Java Unicode encoding

Solution 1:

You can handle them all if you're careful enough.

Java's char is a UTF-16 code unit. For characters with code-point > 0xFFFF it will be encoded with 2 chars (a surrogate pair).

See http://www.oracle.com/us/technologies/java/supplementary-142654.html for how to handle those characters in Java.

(BTW, in Unicode 5.2 there are 107,154 assigned characters out of 1,114,112 slots.)

Solution 2:

Java uses UTF-16. A single Java char can only represent characters from the basic multilingual plane. Other characters have to be represented by a surrogate pair of two chars.
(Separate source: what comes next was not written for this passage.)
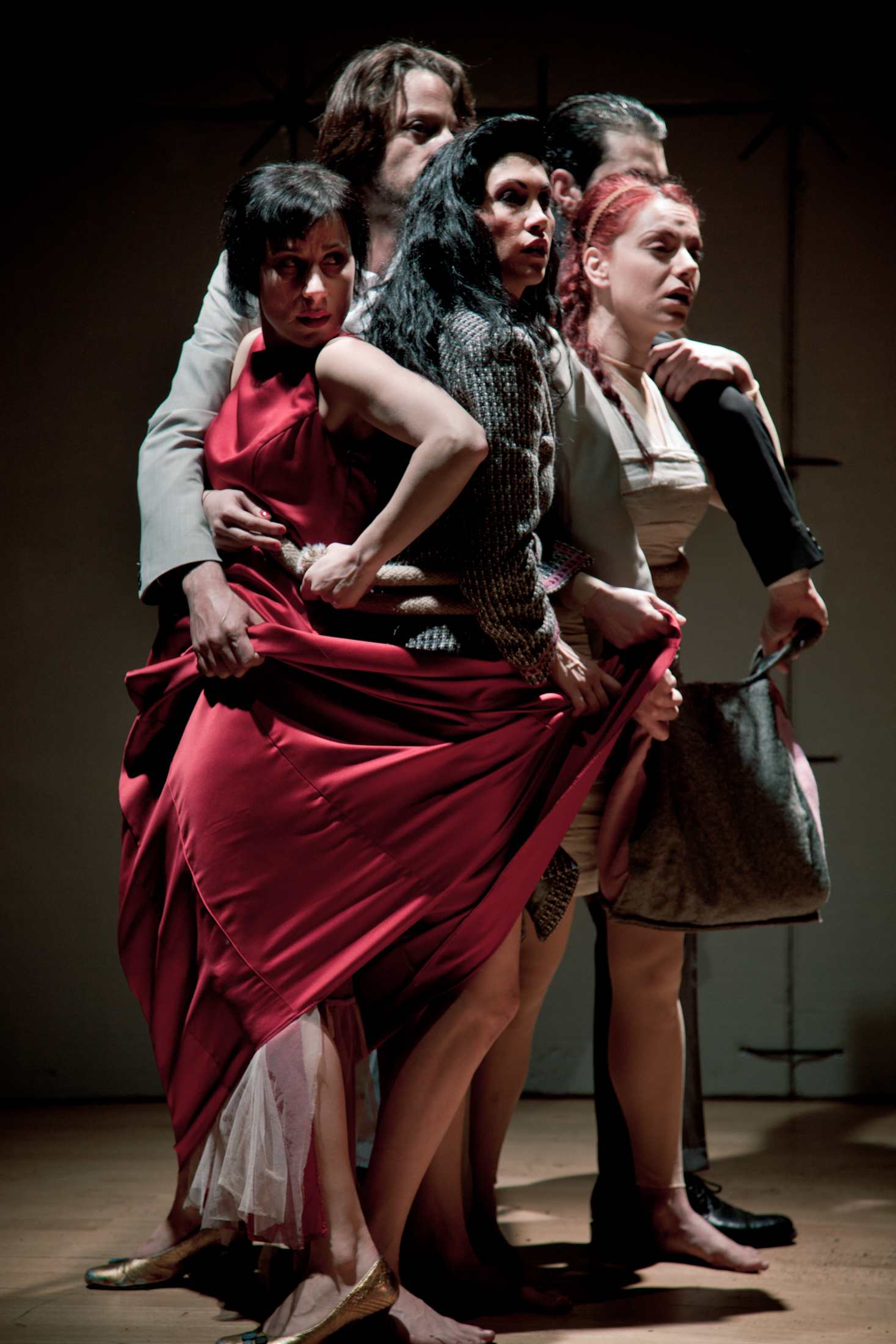6 acteurs, dont 3 femmes vont commencer une drôle de gesticulation muette sur des images d’Athènes. Le commentaire nous parle de démolition, reconstruction de parois de verre lisse et de balcons. La représentation du peuple se fait à travers les trois femmes. L’étrangère, celle qui porte la terre avec elle, une allégorie de la gauche dans sa robe rouge et une fille du peuple. Entrée des névroses d’une population suicidaire « qui ne s’aime pas ». Monsieur Loyal, incarné par une femme très androgyne, s’empare du micro pour interroger les acteurs. Où sommes-nous. Sur une scène de théâtre, dans un asile de fous. Ils doivent apprendre à aimer être des esclaves, aimer être des esclaves ou mourir. Dans le trop plein d’informations qui se dit, en même temps qu’on doit regarder, se glisse un chiffre. 1760 suicides en deux ans. Au travers de la métaphore de l’asile se rejoue, sous forme de psychodrame, les quelques 100 dernières années. Ainsi s’effleure, pêle-mêle, un caléidoscope de pistes qui cherche leur explication : 1922, le bombardement de Smyrne, le dette de guerre effacée de l’Allemagne, la question de l’eau, la collaboration. Émaillé de chansons d’amour, le spectacle tente de comprendre comment ils en sont arrivés là. Le père de la nation, en redingote, qui rappelle Papandréou lors de ses interventions au parlement, affirme de son estrade : « Je vous ai assuré la sécurité ». L’histoire des ‘Georges’ se déroule, douce amère, se déplie, se débobine, le grand George, le petit, quelque part un robinet coule, la logorrhée continue, comprendre à tout prix, le pourquoi ils ont laissé faire, la collusion entre le peuple et ses dirigeants, le clientélisme, pourquoi ils ont laissé transformer le théâtre « Amore » en supermarché, « on est toujours à la recherche de nos racines » dit pourtant l’un d’entre eux.

This is reflected by API methods such as String.codePointAt().

And yes, this means that a lot of Java code will break in one way or another when used with characters outside the basic multilingual plane.

Solution 3:

To add to the other answers, some points to remember:

• A Java char takes always 16 bits.

• A Unicode character, when encoded as UTF-16, takes "almost always" (not always) 16 bits: that's because there are more than 64K unicode characters. Hence, a Java char is NOT a Unicode character (though "almost always" is).

• "Almost always", above, means the 64K first code points of Unicode, range 0x0000 to 0xFFFF (BMP), which take 16 bits in the UTF-16 encoding.

• A non-BMP ("rare") Unicode character is represented as two Java chars (surrogate representation). This applies also to the literal representation as a string: For example, the character U+20000 is written as "\uD840\uDC00".

• Corolary: string.length() returns the number of java chars, not of Unicode chars. A string that has just one "rare" unicode character (eg U+20000) would return length() = 2 . Same consideration applies to any method that deals with char-sequences.

• Java has little intelligence for dealing with non-BMP unicode characters as a whole. There are some utility methods that treat characters as code-points, represented as ints eg: Character.isLetter(int ch). Those are the real fully-Unicode methods.